Excerpted data below:

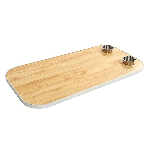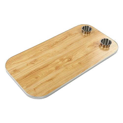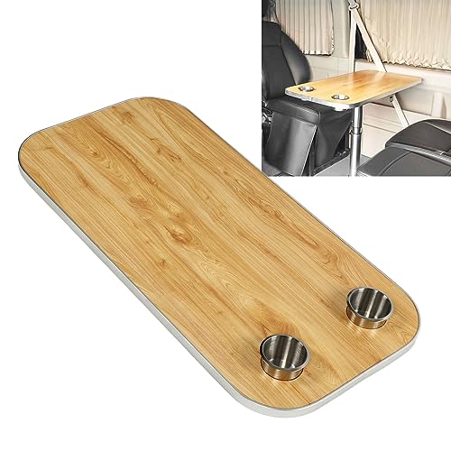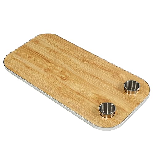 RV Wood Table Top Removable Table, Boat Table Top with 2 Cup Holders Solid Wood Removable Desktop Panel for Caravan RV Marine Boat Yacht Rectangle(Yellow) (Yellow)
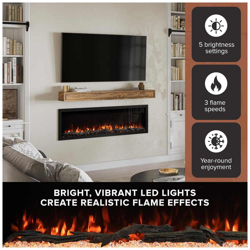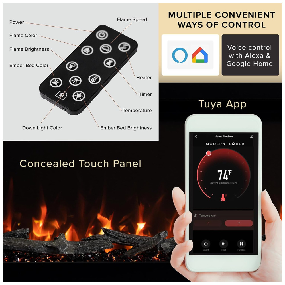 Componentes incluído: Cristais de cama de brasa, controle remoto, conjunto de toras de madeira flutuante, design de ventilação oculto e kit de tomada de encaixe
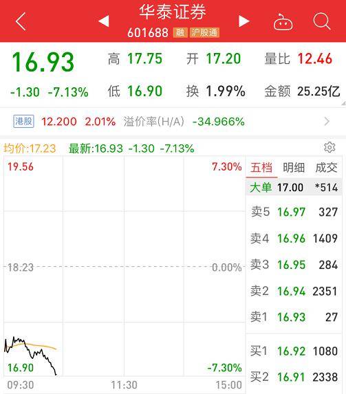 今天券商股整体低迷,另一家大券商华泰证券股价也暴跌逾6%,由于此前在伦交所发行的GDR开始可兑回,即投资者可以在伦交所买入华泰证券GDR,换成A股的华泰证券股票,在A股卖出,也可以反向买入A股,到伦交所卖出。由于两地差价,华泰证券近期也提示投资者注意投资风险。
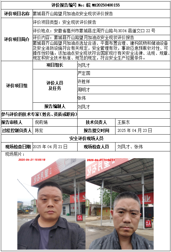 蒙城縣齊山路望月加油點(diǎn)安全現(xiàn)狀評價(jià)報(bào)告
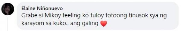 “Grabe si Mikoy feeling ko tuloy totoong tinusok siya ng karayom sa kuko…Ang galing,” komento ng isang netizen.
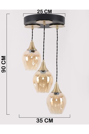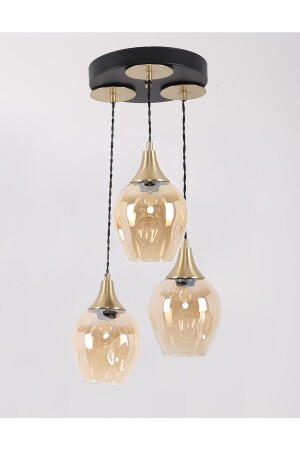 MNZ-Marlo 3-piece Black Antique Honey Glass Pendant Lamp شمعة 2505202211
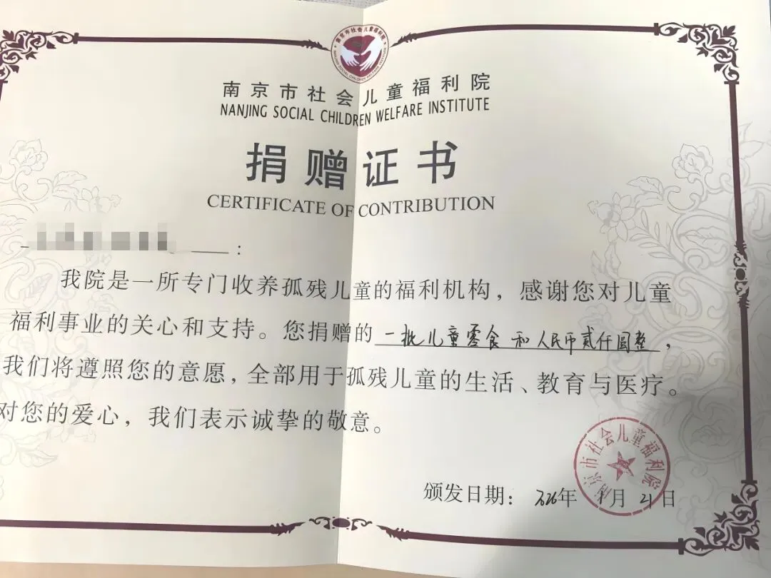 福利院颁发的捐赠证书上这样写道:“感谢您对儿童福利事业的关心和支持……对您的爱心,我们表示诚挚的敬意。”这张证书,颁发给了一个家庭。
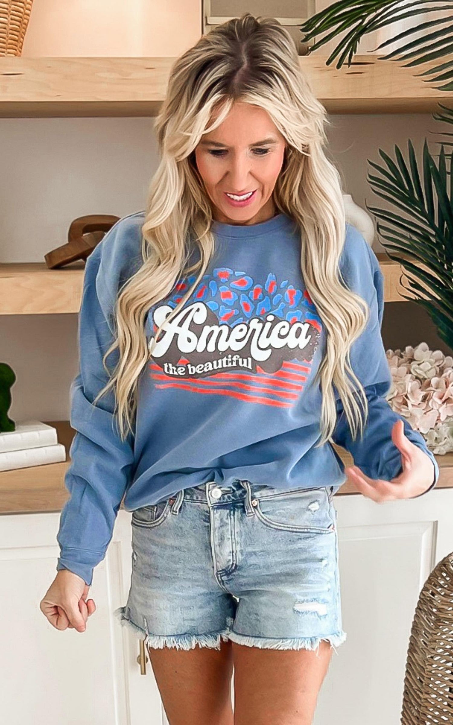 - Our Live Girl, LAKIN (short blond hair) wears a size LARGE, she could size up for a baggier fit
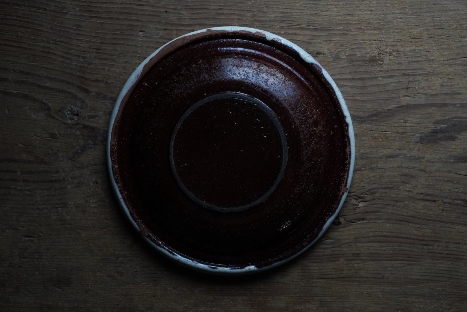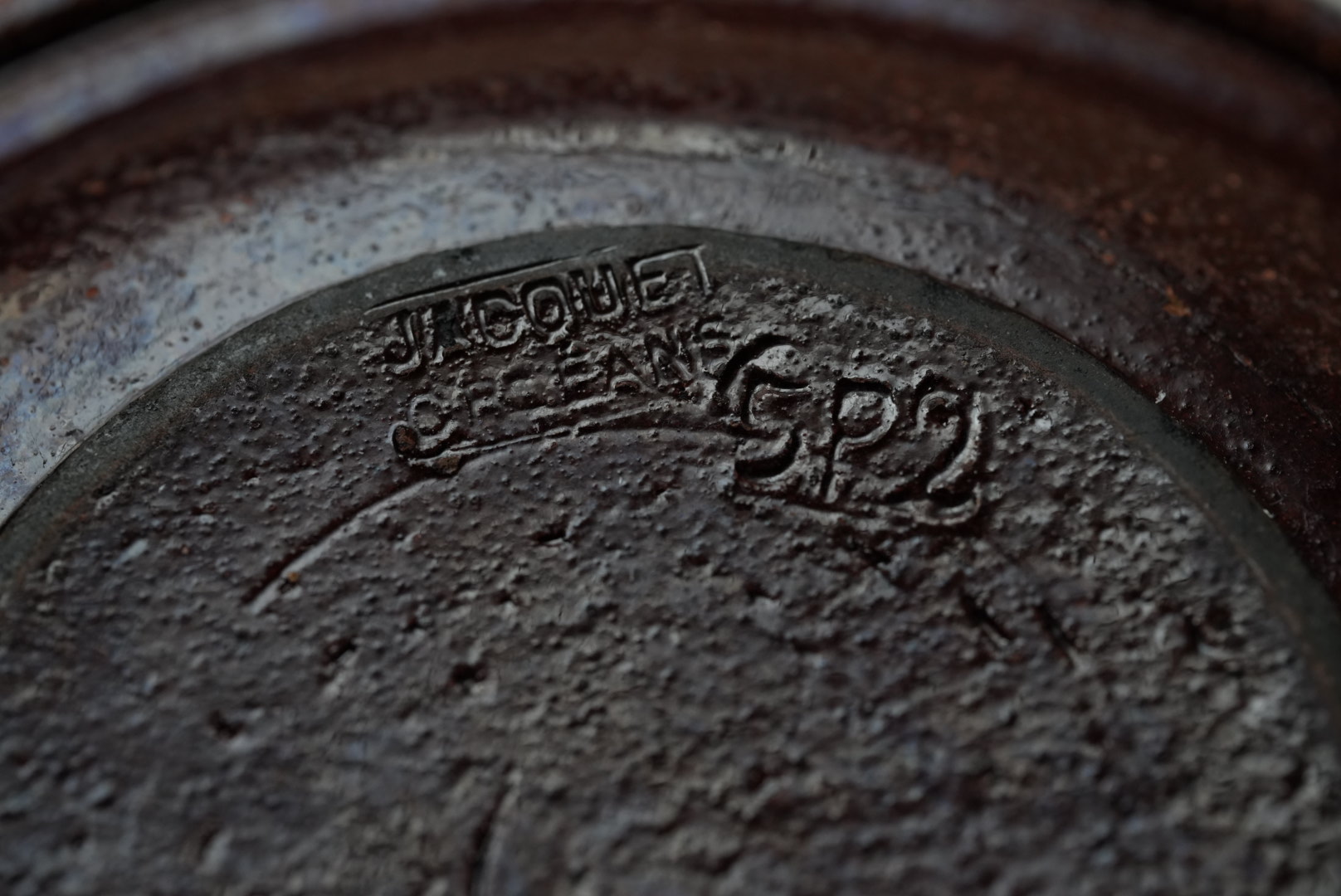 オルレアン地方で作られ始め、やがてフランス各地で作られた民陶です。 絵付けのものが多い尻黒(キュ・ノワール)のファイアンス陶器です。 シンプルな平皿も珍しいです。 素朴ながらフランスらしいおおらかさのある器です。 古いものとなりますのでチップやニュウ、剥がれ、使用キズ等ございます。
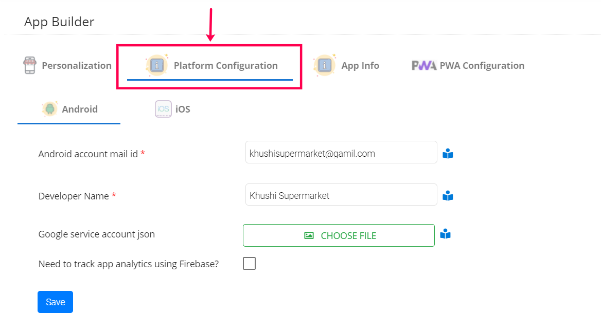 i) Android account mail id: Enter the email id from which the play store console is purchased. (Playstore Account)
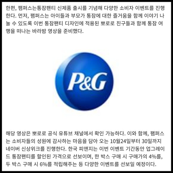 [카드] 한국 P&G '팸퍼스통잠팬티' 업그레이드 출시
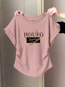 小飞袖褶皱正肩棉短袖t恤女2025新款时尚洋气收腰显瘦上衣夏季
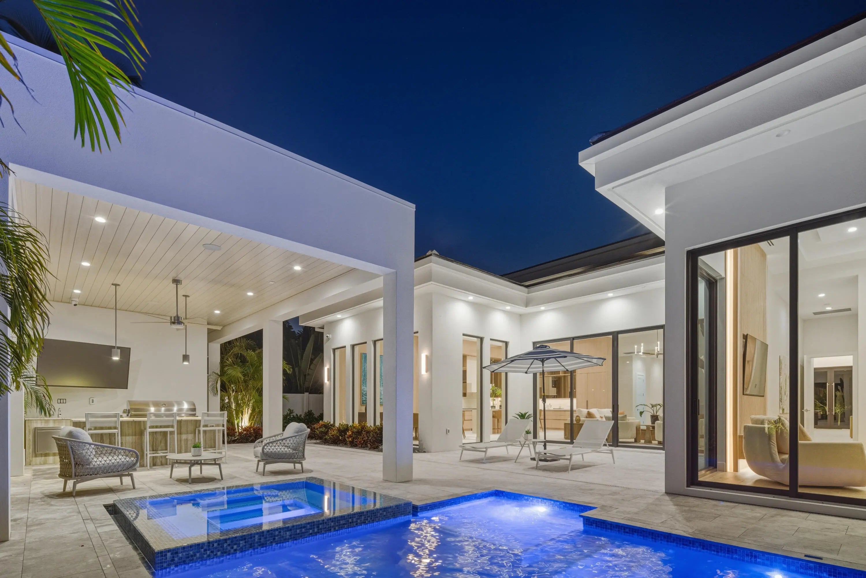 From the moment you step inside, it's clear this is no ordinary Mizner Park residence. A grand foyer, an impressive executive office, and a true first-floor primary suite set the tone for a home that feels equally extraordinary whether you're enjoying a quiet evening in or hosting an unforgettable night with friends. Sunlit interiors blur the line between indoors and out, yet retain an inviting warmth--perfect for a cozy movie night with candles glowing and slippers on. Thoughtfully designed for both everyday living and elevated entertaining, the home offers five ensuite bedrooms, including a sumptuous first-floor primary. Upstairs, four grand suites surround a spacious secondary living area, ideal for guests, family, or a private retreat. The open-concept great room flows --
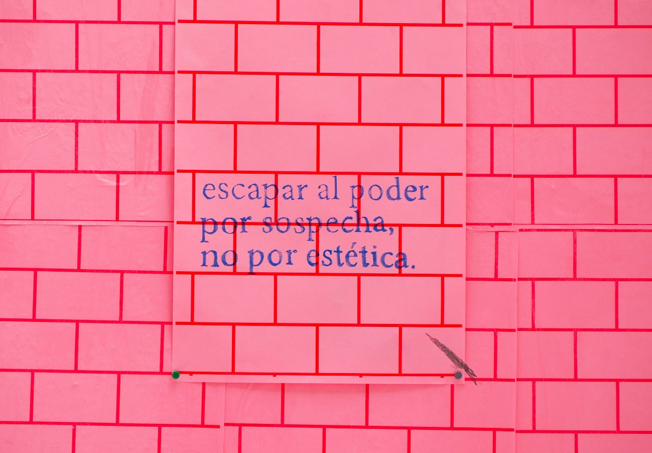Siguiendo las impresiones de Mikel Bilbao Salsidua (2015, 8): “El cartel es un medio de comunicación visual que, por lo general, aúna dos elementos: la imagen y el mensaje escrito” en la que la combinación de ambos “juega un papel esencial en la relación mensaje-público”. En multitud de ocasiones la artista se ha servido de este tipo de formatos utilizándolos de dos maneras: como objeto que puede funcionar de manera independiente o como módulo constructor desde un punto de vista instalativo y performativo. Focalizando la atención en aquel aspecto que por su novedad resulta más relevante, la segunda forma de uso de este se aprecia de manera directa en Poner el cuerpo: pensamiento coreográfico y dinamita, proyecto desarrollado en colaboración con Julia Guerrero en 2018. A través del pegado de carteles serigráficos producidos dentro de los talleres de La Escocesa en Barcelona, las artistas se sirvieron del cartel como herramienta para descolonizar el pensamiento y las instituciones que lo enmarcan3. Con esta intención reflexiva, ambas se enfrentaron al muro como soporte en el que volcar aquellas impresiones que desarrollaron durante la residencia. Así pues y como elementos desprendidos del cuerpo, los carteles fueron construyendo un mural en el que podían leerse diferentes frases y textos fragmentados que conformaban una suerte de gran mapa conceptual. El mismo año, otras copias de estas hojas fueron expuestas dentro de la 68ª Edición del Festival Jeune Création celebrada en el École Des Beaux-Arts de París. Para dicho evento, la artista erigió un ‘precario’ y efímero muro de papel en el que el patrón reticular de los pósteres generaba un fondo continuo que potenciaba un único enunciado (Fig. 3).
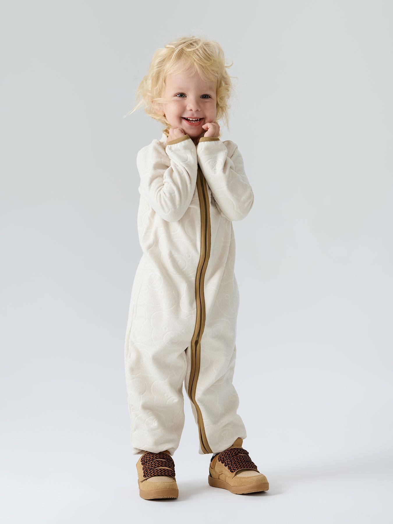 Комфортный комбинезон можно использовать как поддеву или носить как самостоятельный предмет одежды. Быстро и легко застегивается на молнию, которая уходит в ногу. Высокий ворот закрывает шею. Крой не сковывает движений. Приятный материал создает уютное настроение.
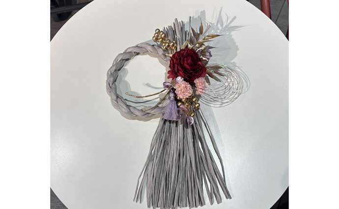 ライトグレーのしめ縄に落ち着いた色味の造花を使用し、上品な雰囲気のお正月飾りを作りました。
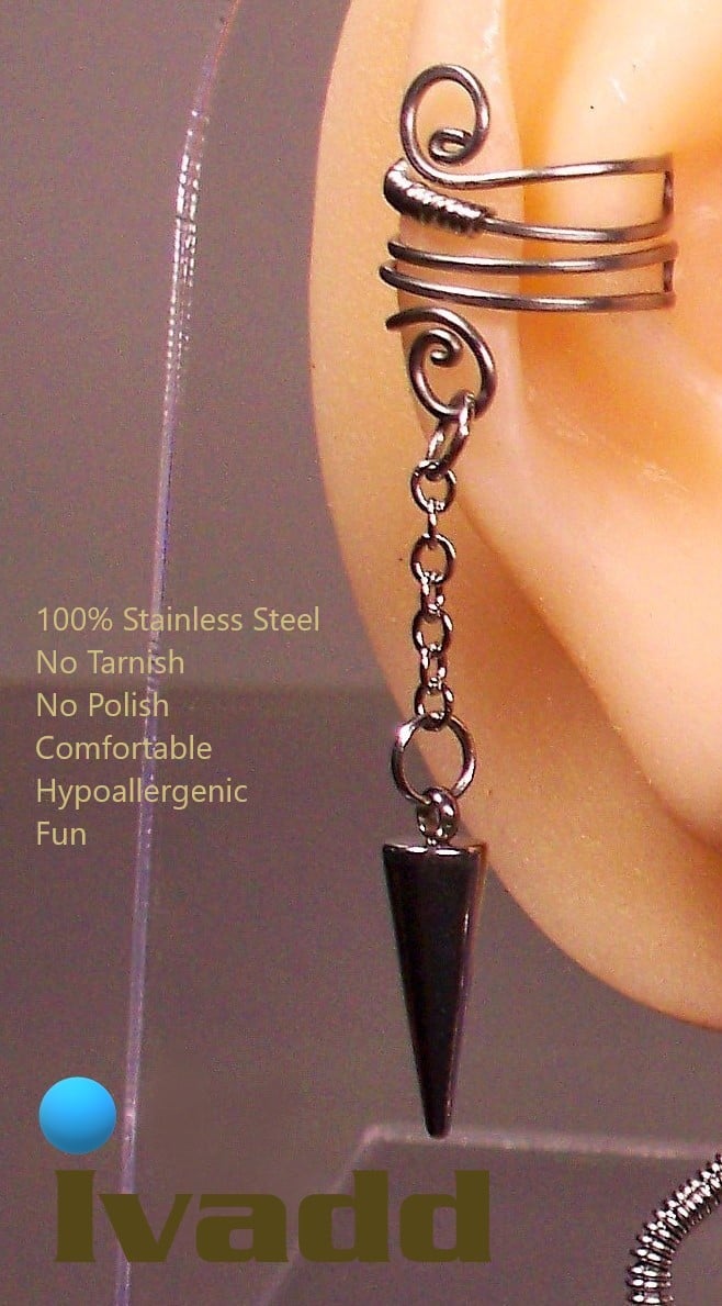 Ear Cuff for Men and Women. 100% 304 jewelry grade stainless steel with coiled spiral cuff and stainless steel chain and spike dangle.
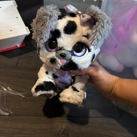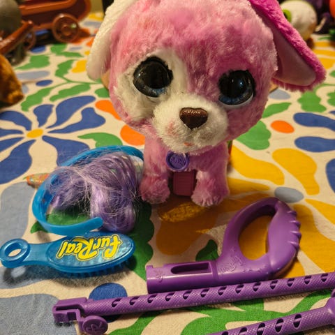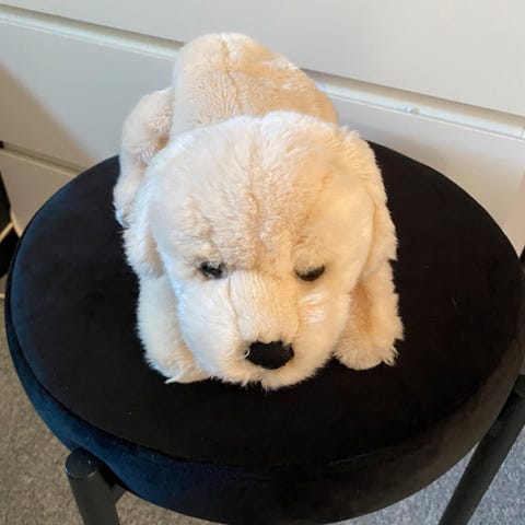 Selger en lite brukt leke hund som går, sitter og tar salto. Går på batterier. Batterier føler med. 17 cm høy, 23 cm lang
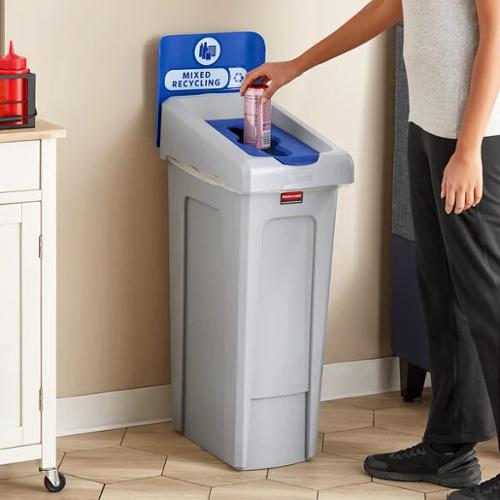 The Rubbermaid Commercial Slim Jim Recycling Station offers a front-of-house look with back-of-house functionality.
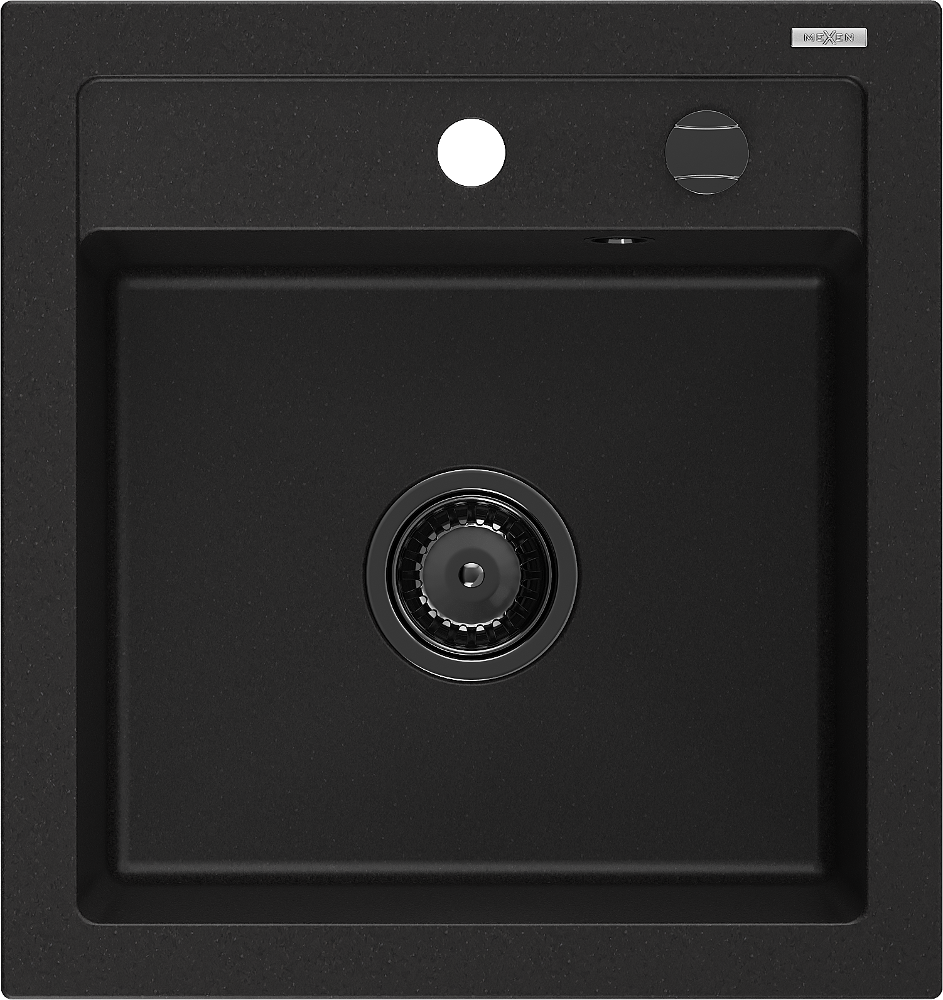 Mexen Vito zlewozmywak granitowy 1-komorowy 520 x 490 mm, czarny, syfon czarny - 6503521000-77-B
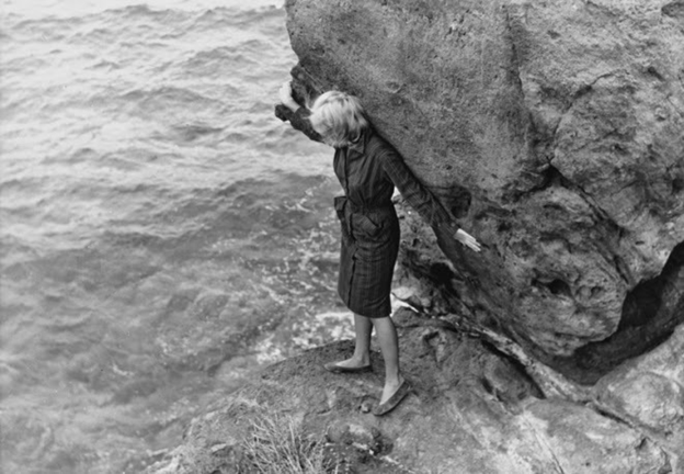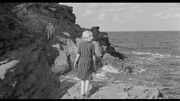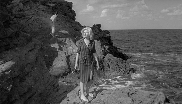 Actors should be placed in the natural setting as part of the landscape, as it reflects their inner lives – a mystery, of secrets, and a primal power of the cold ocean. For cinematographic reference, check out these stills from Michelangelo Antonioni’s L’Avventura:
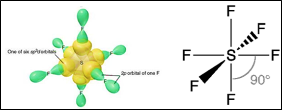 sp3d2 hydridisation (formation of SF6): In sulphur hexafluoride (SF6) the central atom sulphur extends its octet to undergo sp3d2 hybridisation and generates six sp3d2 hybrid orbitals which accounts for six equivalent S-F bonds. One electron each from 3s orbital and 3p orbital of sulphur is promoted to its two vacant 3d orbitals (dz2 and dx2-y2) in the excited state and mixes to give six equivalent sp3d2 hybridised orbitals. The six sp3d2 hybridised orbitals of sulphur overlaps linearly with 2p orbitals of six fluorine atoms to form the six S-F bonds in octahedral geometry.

End of Excerpted data.

> [Requirement]: Go to the line above that has "ng isang netizen." and copy exactly from there down to the line that has "小飞袖褶皱正肩棉短袖t恤女2025新款时尚洋气收腰显瘦上衣夏季", both included. Leave the pictures out.

> [Expected answer]:
 “Grabe si Mikoy feeling ko tuloy totoong tinusok siya ng karayom sa kuko…Ang galing,” komento ng isang netizen.
 MNZ-Marlo 3-piece Black Antique Honey Glass Pendant Lamp شمعة 2505202211
 福利院颁发的捐赠证书上这样写道:“感谢您对儿童福利事业的关心和支持……对您的爱心,我们表示诚挚的敬意。”这张证书,颁发给了一个家庭。
 - Our Live Girl, LAKIN (short blond hair) wears a size LARGE, she could size up for a baggier fit
 オルレアン地方で作られ始め、やがてフランス各地で作られた民陶です。 絵付けのものが多い尻黒(キュ・ノワール)のファイアンス陶器です。 シンプルな平皿も珍しいです。 素朴ながらフランスらしいおおらかさのある器です。 古いものとなりますのでチップやニュウ、剥がれ、使用キズ等ございます。
 i) Android account mail id: Enter the email id from which the play store console is purchased. (Playstore Account)
 [카드] 한국 P&G '팸퍼스통잠팬티' 업그레이드 출시
 小飞袖褶皱正肩棉短袖t恤女2025新款时尚洋气收腰显瘦上衣夏季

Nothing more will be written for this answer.